Take this with you. TLS 1.3 with session tickets plus ECDSA certs cuts handshake CPU by roughly 50x compared to RSA-2048 without session resumption. Do both before reaching for more hardware.

Decision 5: surviving attack traffic

Two attacks look different at different layers.

Slow-loris (L7 attack): an attacker opens many connections and sends HTTP headers slowly, one byte every 30 seconds. Each connection holds an nginx worker. With 10,000 of them, no workers are left for real requests.

Fix: client_header_timeout 10s. If a client does not complete its headers in 10 seconds, close the connection. This has no effect on real browsers, which send headers in under 100 ms.

SYN flood (L4 attack): an attacker sends millions of TCP SYN packets with spoofed source IPs. The server allocates a half-open connection slot for each and waits for the ACK that never comes. The SYN backlog fills. Real clients cannot connect.

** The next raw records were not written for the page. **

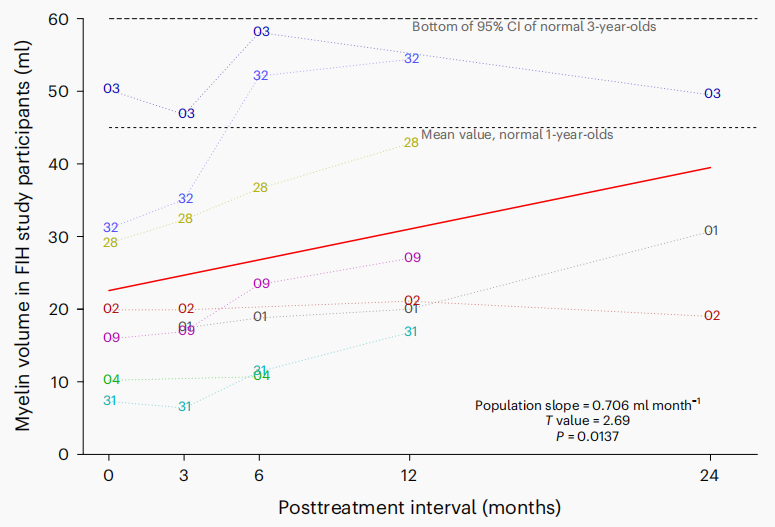 比代谢改善更令人振奋的是,研究还在影像学层面观察到了髓鞘体积增加。研究者利用SyMRI对全脑髓鞘进行定量分析,发现治疗后患儿髓鞘体积总体呈显著上升趋势,线性混合效应模型分析得到的人群斜率为0.706ml/月,P=0.0137;与基线相比,6个月和12个月时均达到统计学显著性。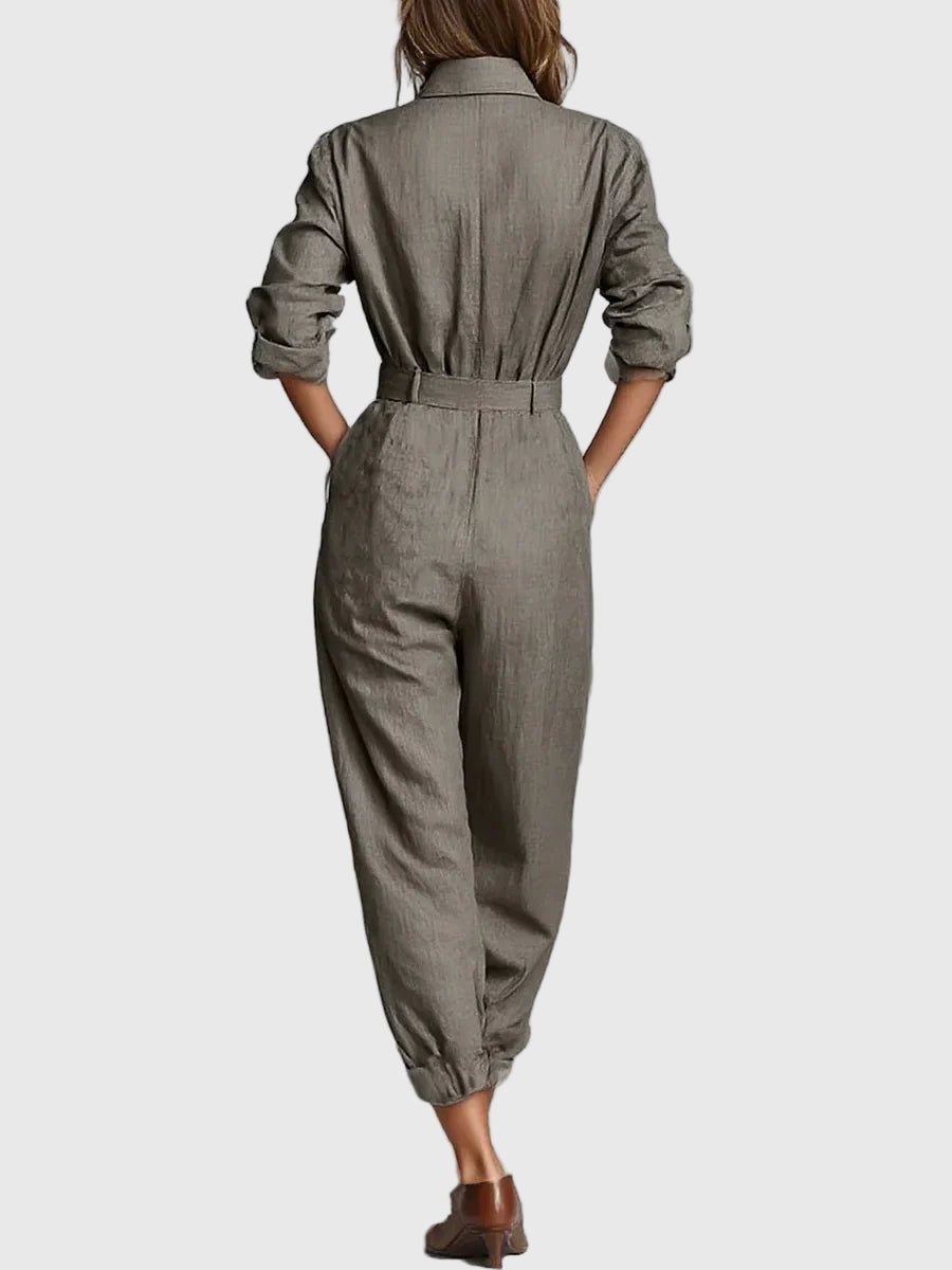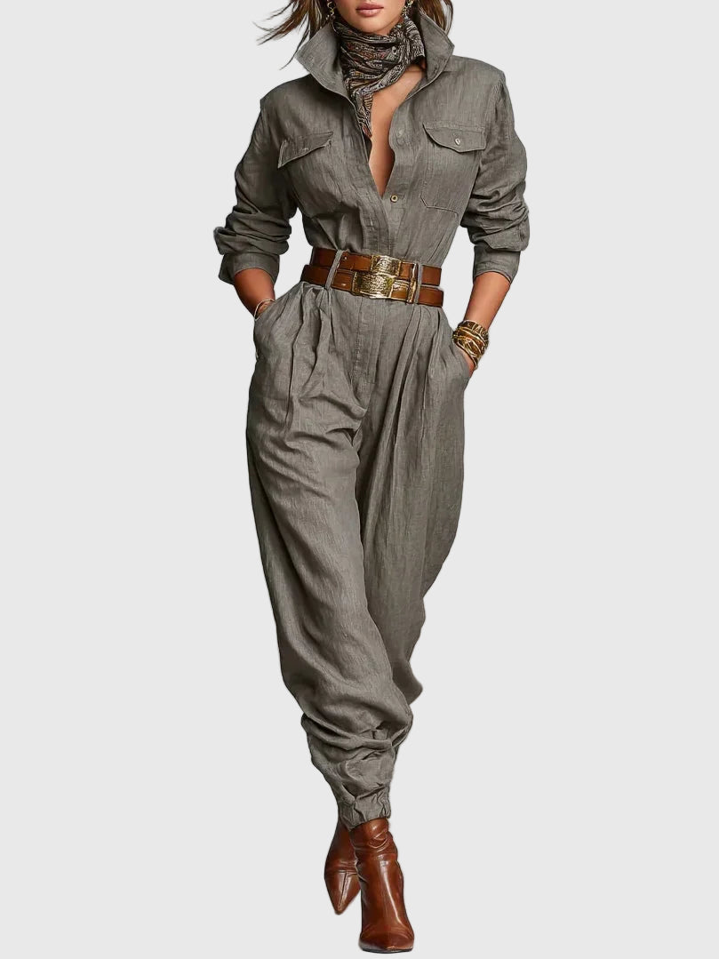 Гащеризонът Меган | Летен-котон съчетава дишаща лекота с вечна елегантност. Проектиран с разкроен, подчертаващ силует и класическа яка, той внася повишена простота във всеки момент — от дневни ангажименти до бранч с приятели. Лек и мек с елегантно падане, той предлага комфорт, който се движи с вас, докато подчертава естествената ви форма. Стилизирайте с сандали или мокасини за шикозна, без усилие елегантност през всички сезони.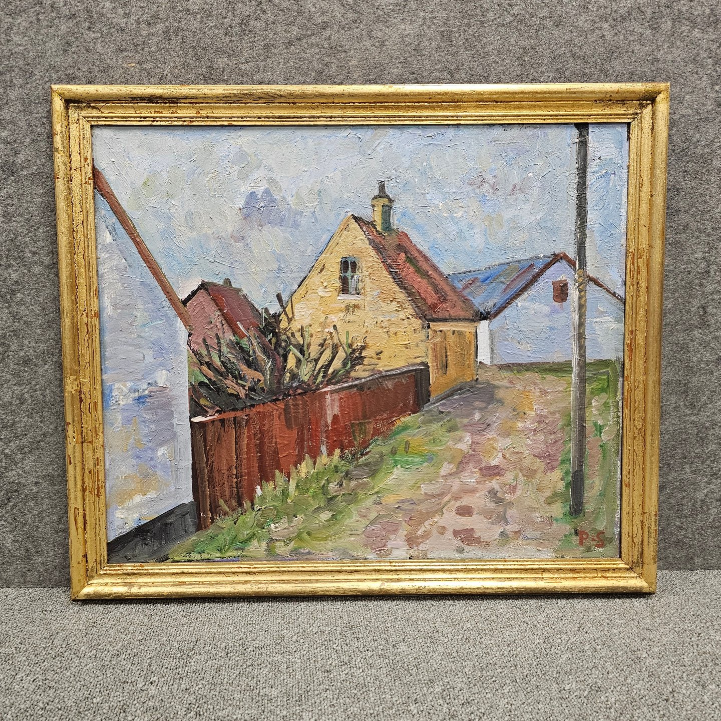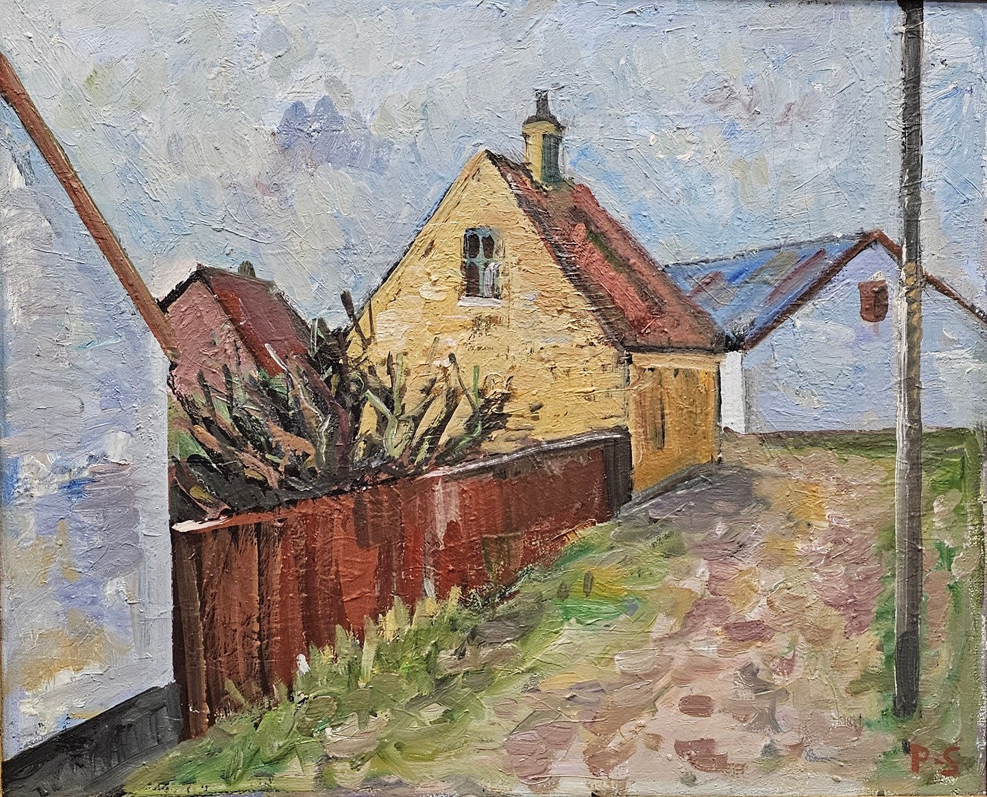 Maleri af olie på lærred. Motiv af hvide hus, gult hus og et rødt hegn
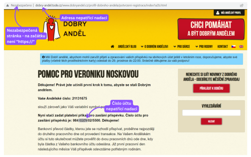 28.12.2022, Andělský blog, O Dobrém anděloviVarujeme před podvodnou stránkou tvářící se jako nadační, která se šíří zejména v e-mailové komunikaci, jež vyzývá k úhradě příspěvků na číslo účtu, které nepatří nadaci Dobrý anděl. E-maily a uvedená stránka využívají příběh jedné z rodin, kterou Dobří andělé podporují a je veřejně dostupný.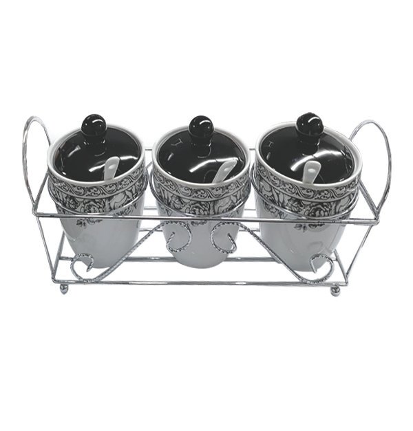 Σετ 3 κεραμικά βάζα με κουταλάκια σε μεταλλική βάση [00109324-1]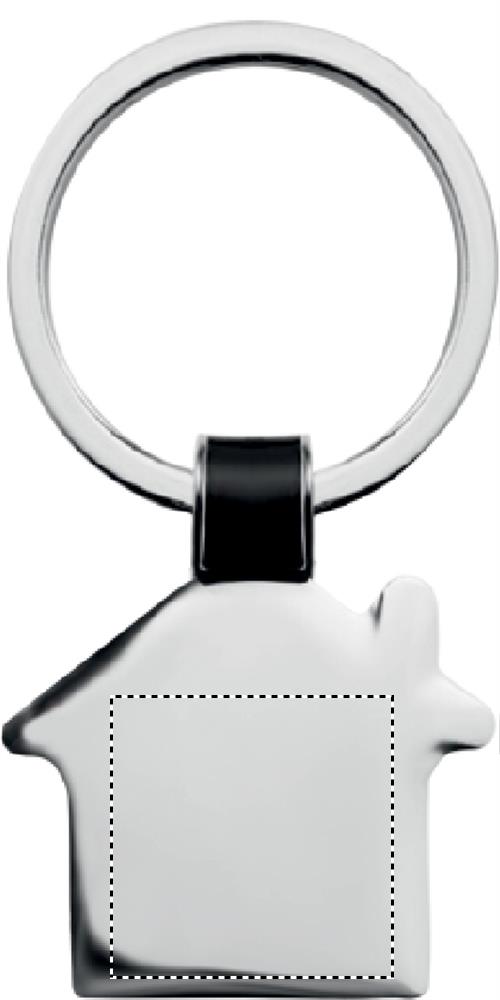 Schlüsselanhänger in Form eines Hauses. Aus Metall. Hochglänzendes Nickel-Finish.

Fix: SYN cookies. The server encodes connection state in the SYN-ACK reply instead of allocating memory. If the client never ACKs, no resources were wasted. Built into Linux (net.ipv4.tcp_syncookies=1). A dedicated L4 LB at the edge (AWS Shield, Cloudflare) scrubs SYN floods before they reach origin.

flowchart TB
    Internet(["Internet\nclients + attackers"]):::user --> Shield["Edge L4 LB\n(SYN cookies, DDoS scrub)"]:::edge
    Shield -->|"clean TCP connections only"| L7["L7 LB\n(TLS termination\nclient_header_timeout 10s)"]:::edge
    L7 --> Backends["Backend pool"]:::app

    classDef user fill:#dbeafe,stroke:#1e40af,color:#1e3a8a
    classDef edge fill:#e2e8f0,stroke:#475569,color:#1e293b
    classDef app fill:#dcfce7,stroke:#15803d,color:#14532d

Take this with you. SYN floods are an L4 problem. Slow-loris is an L7 problem. The mitigations sit at different layers and need different config. Mentioning both without prompting is a senior signal.

The full architecture

Pulling all five decisions together.

flowchart TB
    subgraph GlobalEdge["Global edge"]
        DNS["DNS + anycast IP"]:::edge
    end

    subgraph USEast["Region: us-east"]
        EL4["Edge L4 LB\n(SYN cookies, DDoS scrub)"]:::edge
        L7["L7 LB\n(TLS 1.3 + ECDSA\npath routing\nclient_header_timeout 10s)"]:::edge
        subgraph Pools["Service pools (100 backends total)"]
            API["Orders service\n(40 pods)"]:::app
            Auth["Auth service\n(20 pods)"]:::app
            Web["Web service\n(40 pods)"]:::app
        end
        Redis[("Redis\n(sessions)")]:::cache
        HC["Health checker\nactive: every 5s\npassive: per-request\nmax_ejection=50%"]:::app
    end

    subgraph EUWest["Region: eu-west"]
        EL4_EU["Edge L4 LB"]:::edge
        L7_EU["L7 LB"]:::edge
        Pools_EU["Service pools"]:::app
    end

    C([Browser]):::user --> DNS
    DNS -->|"anycast routes to nearest"| EL4
    DNS --> EL4_EU
    EL4 --> L7
    L7 -->|"/api/orders/*"| API
    L7 -->|"/api/auth/*"| Auth
    L7 -->|"/*"| Web
    API -.session check.-> Redis
    HC --> API
    HC --> Auth
    HC --> Web
    EL4_EU --> L7_EU
    L7_EU --> Pools_EU

    classDef user fill:#dbeafe,stroke:#1e40af,color:#1e3a8a
    classDef edge fill:#e2e8f0,stroke:#475569,color:#1e293b
    classDef app fill:#dcfce7,stroke:#15803d,color:#14532d
    classDef cache fill:#fecaca,stroke:#b91c1c,color:#7f1d1d

Each component in one line:

Component	Purpose
DNS + anycast	Routes each user to the nearest healthy region. BGP withdraw = sub-second regional failover.
Edge L4 LB	Terminates TCP, scrubs SYN floods, passes clean connections to L7. Does not parse HTTP.
L7 LB	Terminates TLS, reads URLs, routes by path, applies per-route policy, detects slow clients.
Health checker	Active polls every 5s, passive check per response, max 50% ejection.
Service pools	One pool per service. Each scales independently. Each has its own health check config.
Redis	Holds sessions so backends are stateless. Any backend handles any request.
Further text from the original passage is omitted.